### RECORD EXTRACTS
-=-=-=-=-

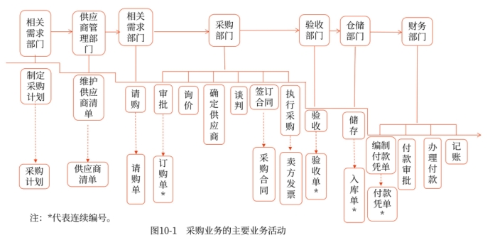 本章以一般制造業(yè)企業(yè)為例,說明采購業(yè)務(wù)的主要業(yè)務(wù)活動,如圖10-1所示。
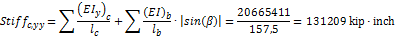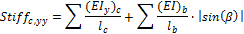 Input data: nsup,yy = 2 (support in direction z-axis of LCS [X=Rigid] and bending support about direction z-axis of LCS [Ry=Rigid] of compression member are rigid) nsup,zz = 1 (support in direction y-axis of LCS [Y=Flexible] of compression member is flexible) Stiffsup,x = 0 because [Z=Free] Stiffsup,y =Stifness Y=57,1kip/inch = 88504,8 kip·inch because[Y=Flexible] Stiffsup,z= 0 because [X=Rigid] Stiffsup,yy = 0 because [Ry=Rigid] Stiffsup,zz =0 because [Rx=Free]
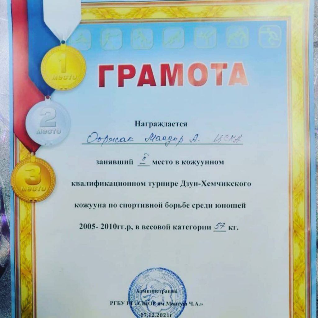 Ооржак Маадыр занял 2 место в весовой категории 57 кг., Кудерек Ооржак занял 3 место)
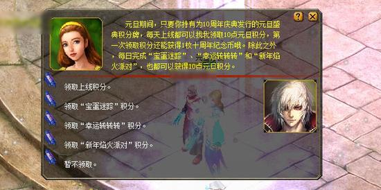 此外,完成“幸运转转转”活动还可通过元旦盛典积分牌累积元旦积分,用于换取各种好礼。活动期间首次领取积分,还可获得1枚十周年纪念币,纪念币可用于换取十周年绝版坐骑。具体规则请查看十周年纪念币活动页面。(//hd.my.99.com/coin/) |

-=-=-=-=-

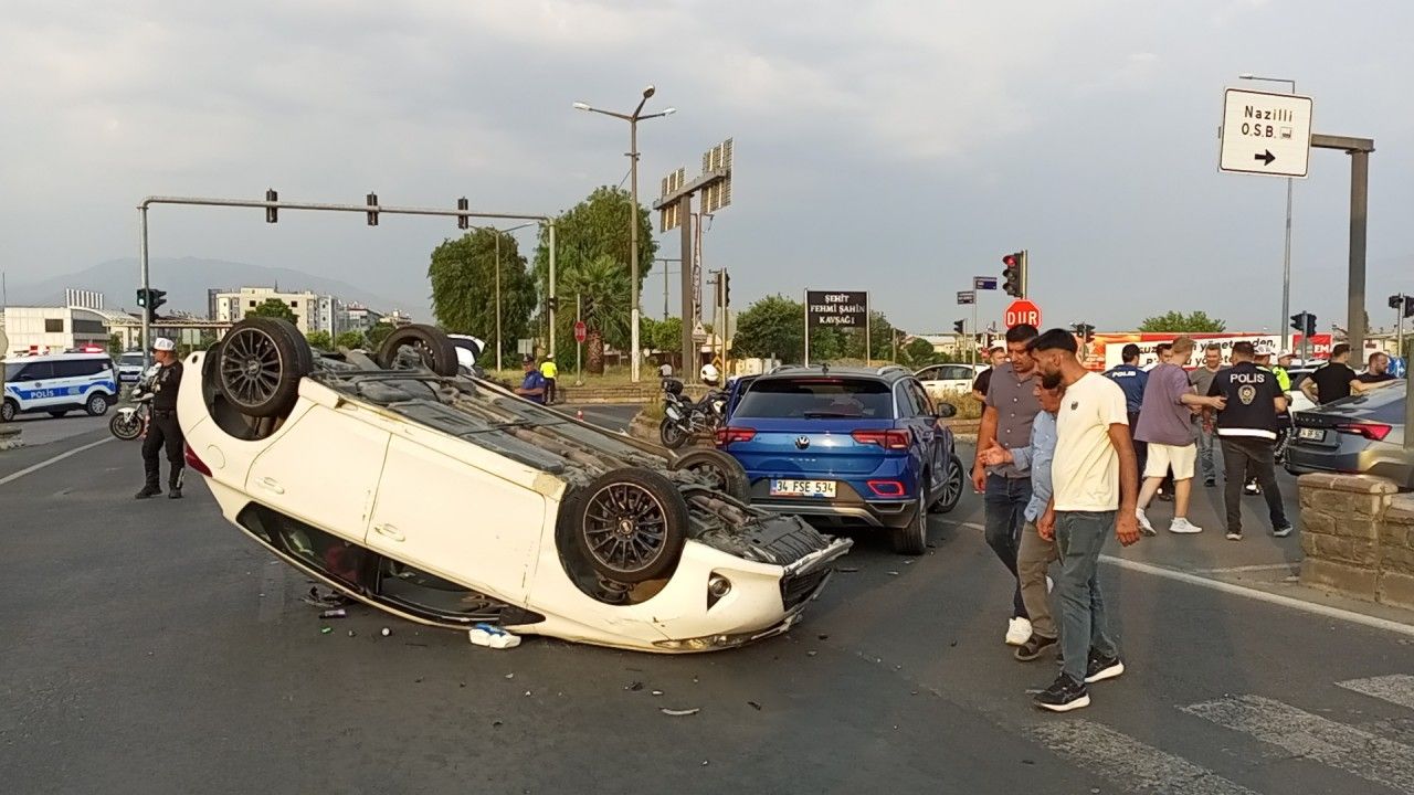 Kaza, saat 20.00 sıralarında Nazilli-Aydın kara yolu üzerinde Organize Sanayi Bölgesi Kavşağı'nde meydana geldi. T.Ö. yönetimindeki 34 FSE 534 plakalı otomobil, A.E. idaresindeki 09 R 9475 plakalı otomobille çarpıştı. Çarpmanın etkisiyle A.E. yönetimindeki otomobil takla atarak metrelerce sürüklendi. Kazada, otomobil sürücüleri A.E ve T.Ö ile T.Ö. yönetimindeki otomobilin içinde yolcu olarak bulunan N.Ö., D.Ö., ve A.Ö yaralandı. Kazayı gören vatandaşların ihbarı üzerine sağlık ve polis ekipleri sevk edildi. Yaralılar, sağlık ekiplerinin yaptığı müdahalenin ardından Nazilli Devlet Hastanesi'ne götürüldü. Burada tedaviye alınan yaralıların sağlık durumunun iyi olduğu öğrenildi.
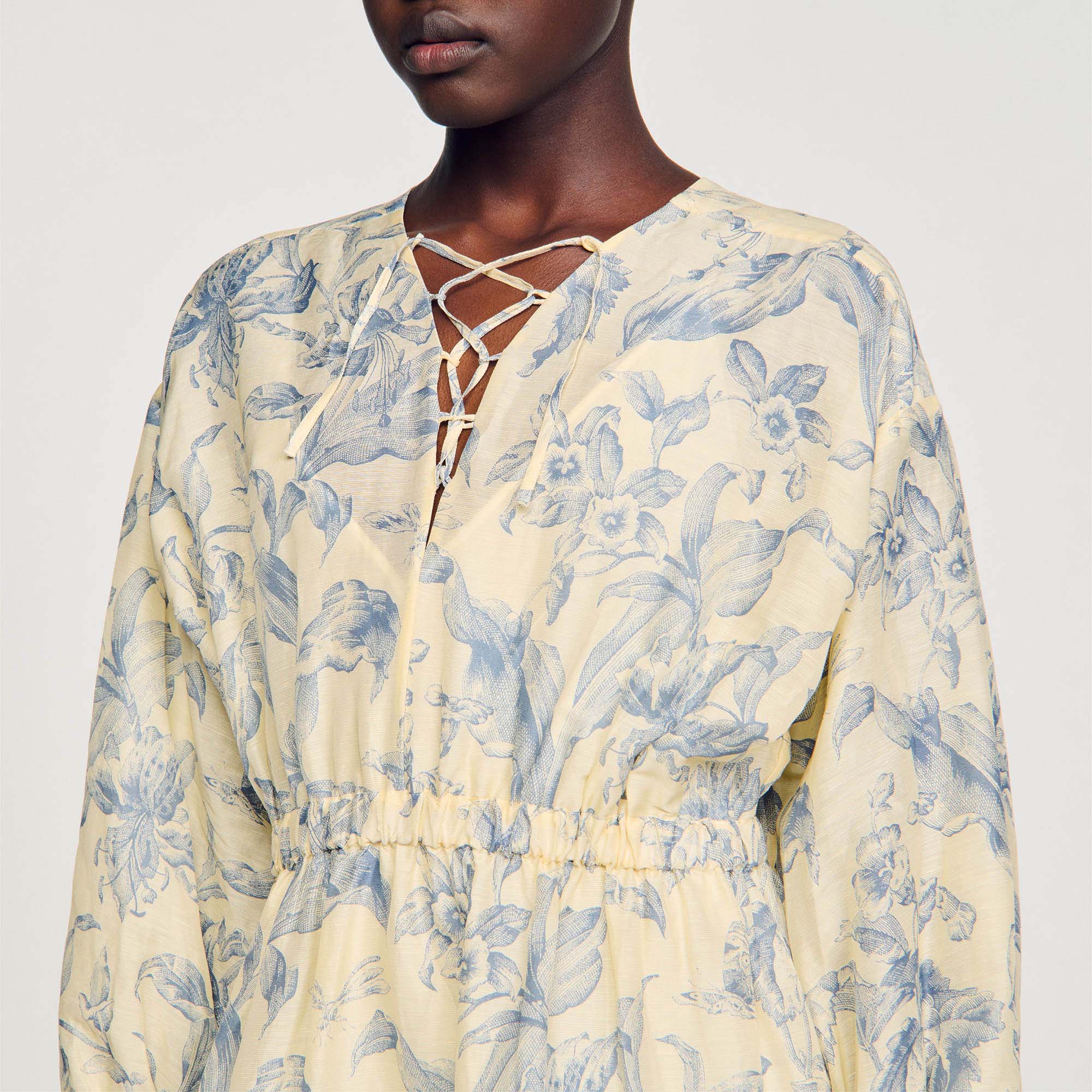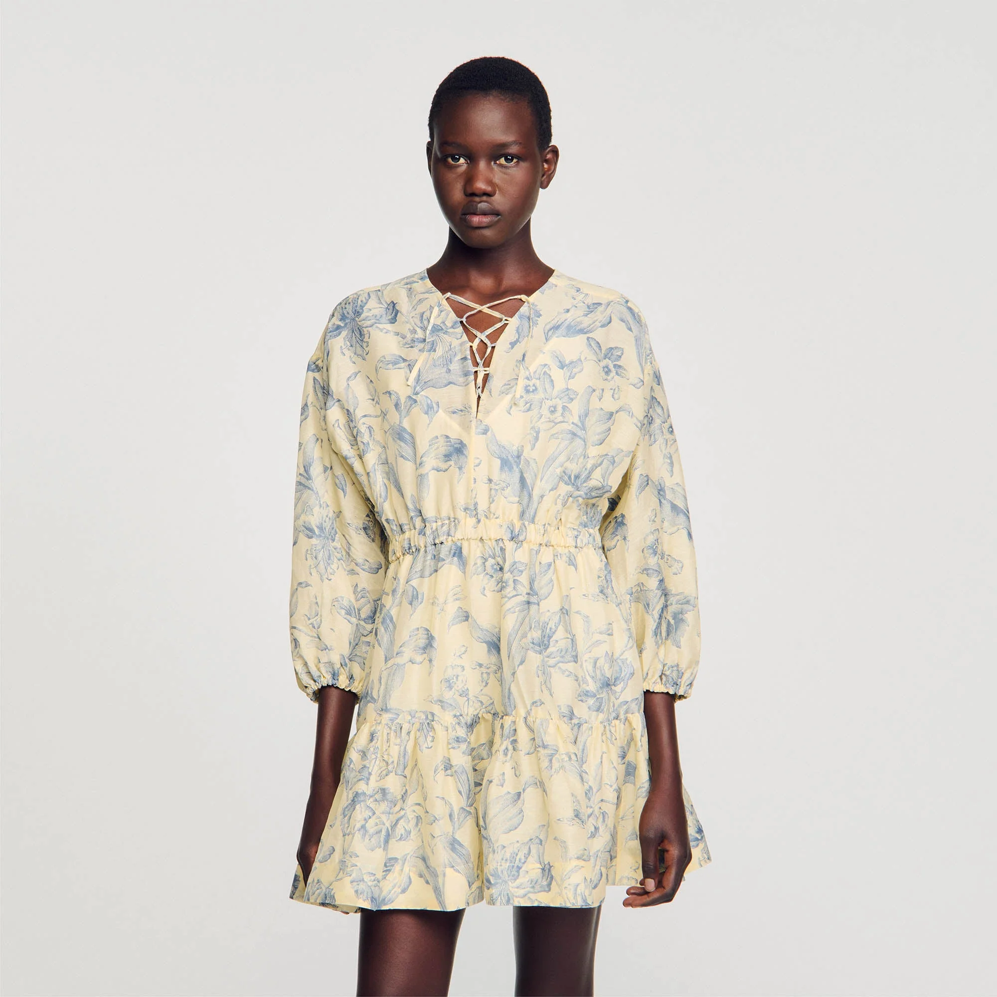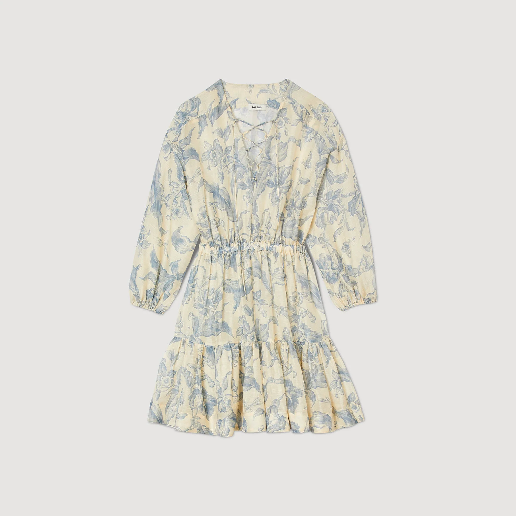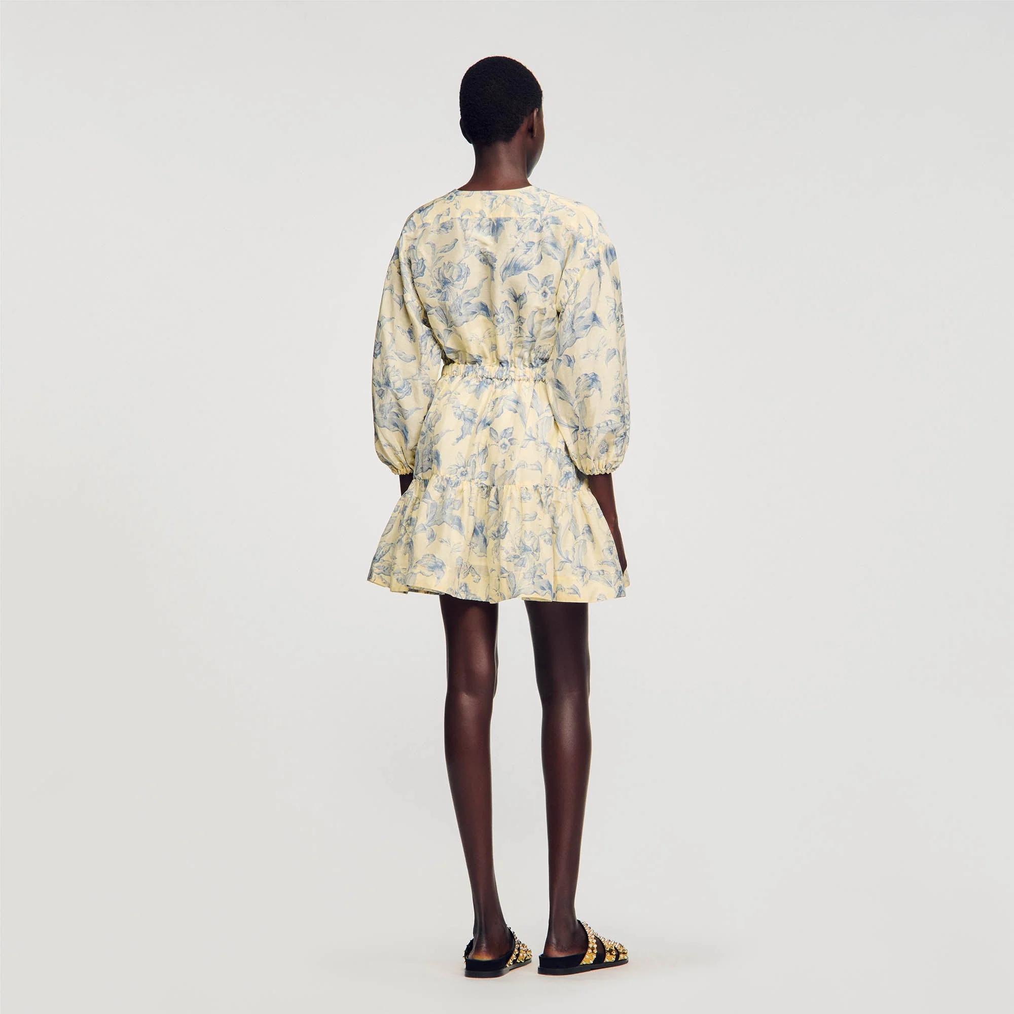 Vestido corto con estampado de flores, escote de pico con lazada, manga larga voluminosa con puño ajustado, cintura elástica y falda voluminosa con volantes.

-=-=-=-=-

### WHAT YOU ARE ASKED TO DO
Every line from the one with "本章以一般制造業(yè)企業" through the one with "Input data: nsup,yy" is to be reproduced exactly as written above, and the pictures are to be dropped.

### RESULT
 本章以一般制造業(yè)企業(yè)為例,說明采購業(yè)務(wù)的主要業(yè)務(wù)活動,如圖10-1所示。
 Input data: nsup,yy = 2 (support in direction z-axis of LCS [X=Rigid] and bending support about direction z-axis of LCS [Ry=Rigid] of compression member are rigid) nsup,zz = 1 (support in direction y-axis of LCS [Y=Flexible] of compression member is flexible) Stiffsup,x = 0 because [Z=Free] Stiffsup,y =Stifness Y=57,1kip/inch = 88504,8 kip·inch because[Y=Flexible] Stiffsup,z= 0 because [X=Rigid] Stiffsup,yy = 0 because [Ry=Rigid] Stiffsup,zz =0 because [Rx=Free]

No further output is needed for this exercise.